■ **Source information**:
-- Opening Marker --

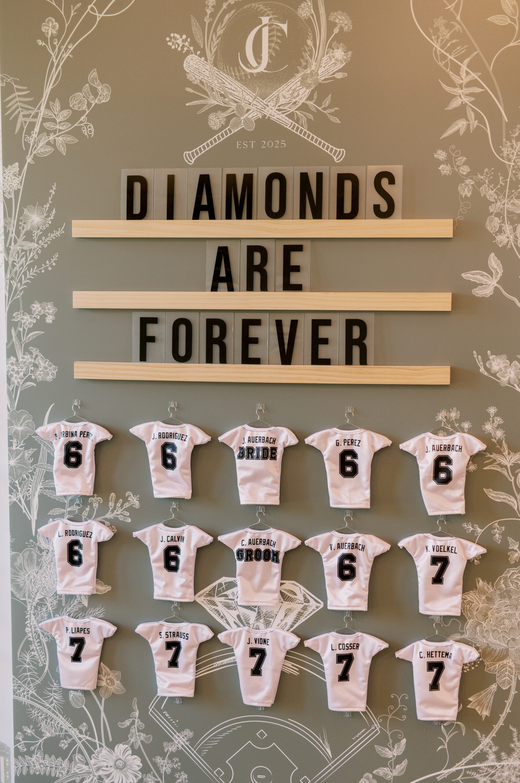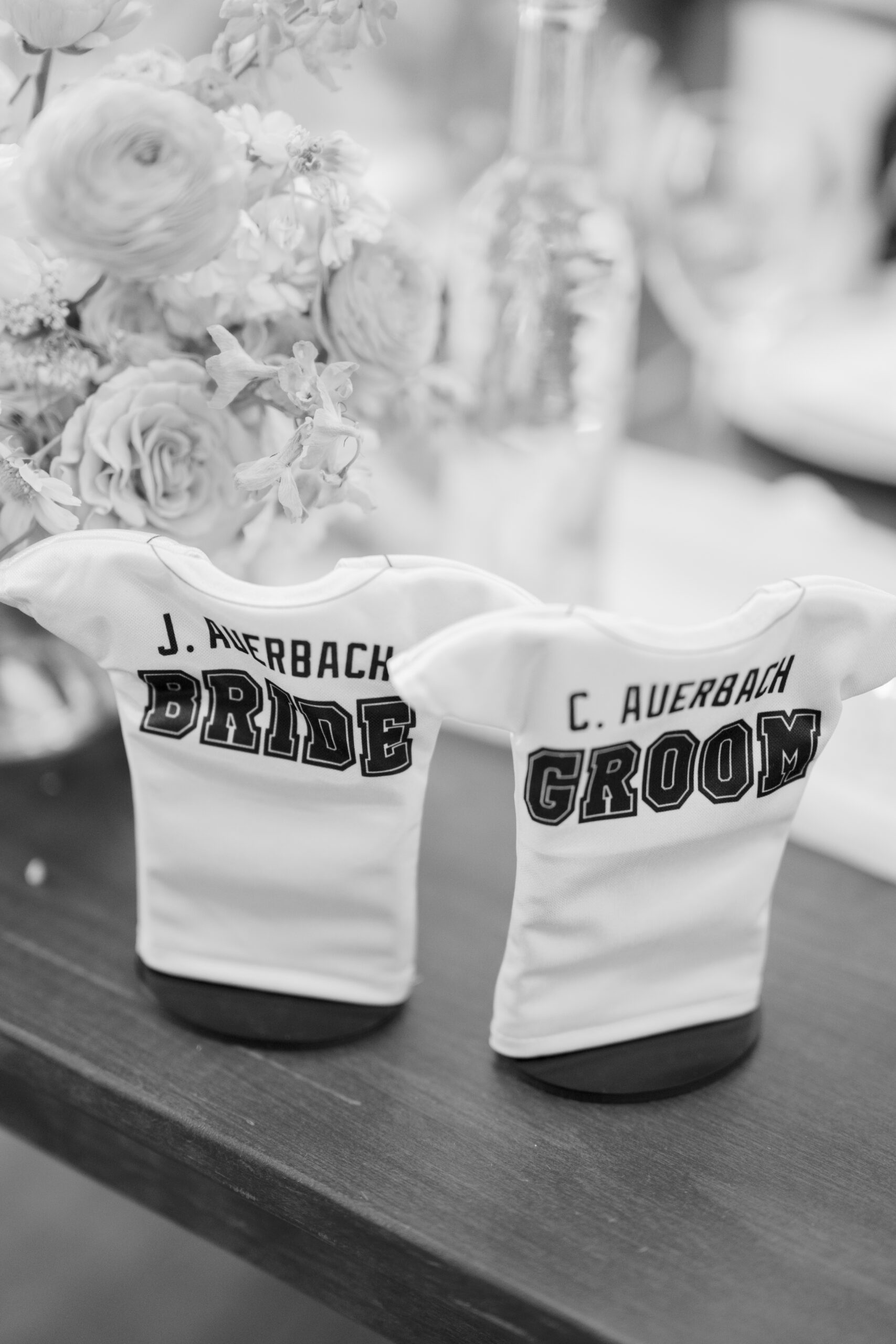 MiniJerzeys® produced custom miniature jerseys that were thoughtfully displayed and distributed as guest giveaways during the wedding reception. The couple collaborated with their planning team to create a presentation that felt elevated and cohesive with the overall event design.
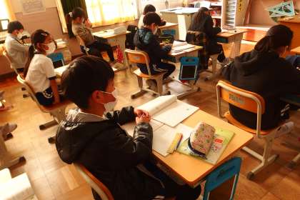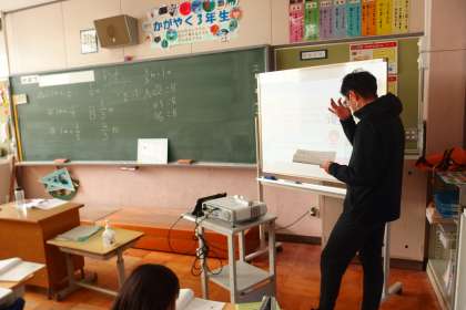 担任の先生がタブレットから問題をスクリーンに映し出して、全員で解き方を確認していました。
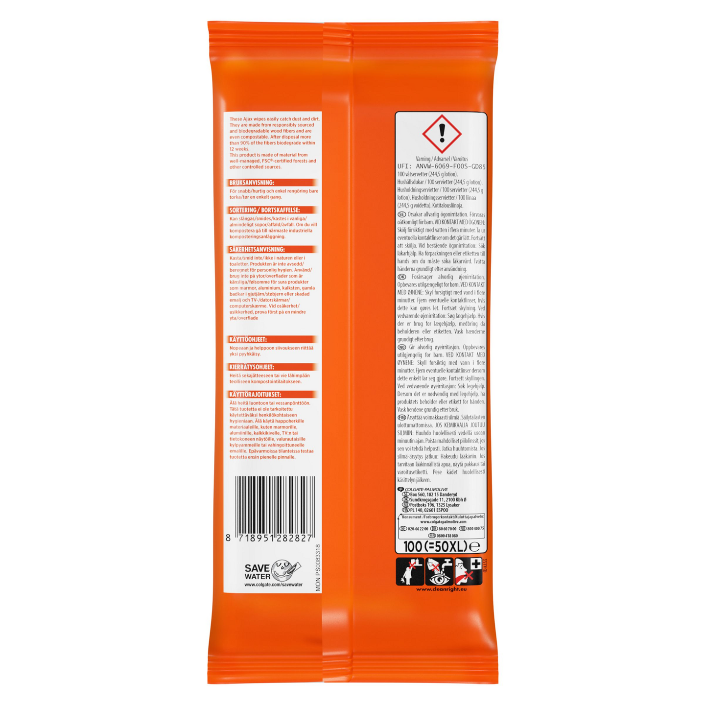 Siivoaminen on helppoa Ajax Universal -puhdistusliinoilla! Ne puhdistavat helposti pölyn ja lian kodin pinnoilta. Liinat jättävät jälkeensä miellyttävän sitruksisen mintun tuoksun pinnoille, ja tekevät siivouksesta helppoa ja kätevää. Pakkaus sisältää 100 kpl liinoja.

-- Closing Marker --
-- Opening Marker --

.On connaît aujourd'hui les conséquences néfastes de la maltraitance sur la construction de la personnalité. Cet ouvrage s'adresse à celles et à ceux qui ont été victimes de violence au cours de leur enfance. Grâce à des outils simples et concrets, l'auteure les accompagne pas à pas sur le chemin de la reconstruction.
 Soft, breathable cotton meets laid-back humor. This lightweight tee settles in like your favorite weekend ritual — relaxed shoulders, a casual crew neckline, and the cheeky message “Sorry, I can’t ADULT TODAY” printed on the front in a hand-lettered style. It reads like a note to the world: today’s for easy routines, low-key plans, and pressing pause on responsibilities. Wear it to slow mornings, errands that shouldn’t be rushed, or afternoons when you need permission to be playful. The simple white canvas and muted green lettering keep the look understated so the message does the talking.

-- Closing Marker --

■ **Work instructions**:
The reply should hold exactly the lines above, starting at the line with "担任の先生がタブレットから問" and ending at the line with "Siivoaminen on helppoa", and no pictures.

■ **Exercise response**:
 担任の先生がタブレットから問題をスクリーンに映し出して、全員で解き方を確認していました。
 Siivoaminen on helppoa Ajax Universal -puhdistusliinoilla! Ne puhdistavat helposti pölyn ja lian kodin pinnoilta. Liinat jättävät jälkeensä miellyttävän sitruksisen mintun tuoksun pinnoille, ja tekevät siivouksesta helppoa ja kätevää. Pakkaus sisältää 100 kpl liinoja.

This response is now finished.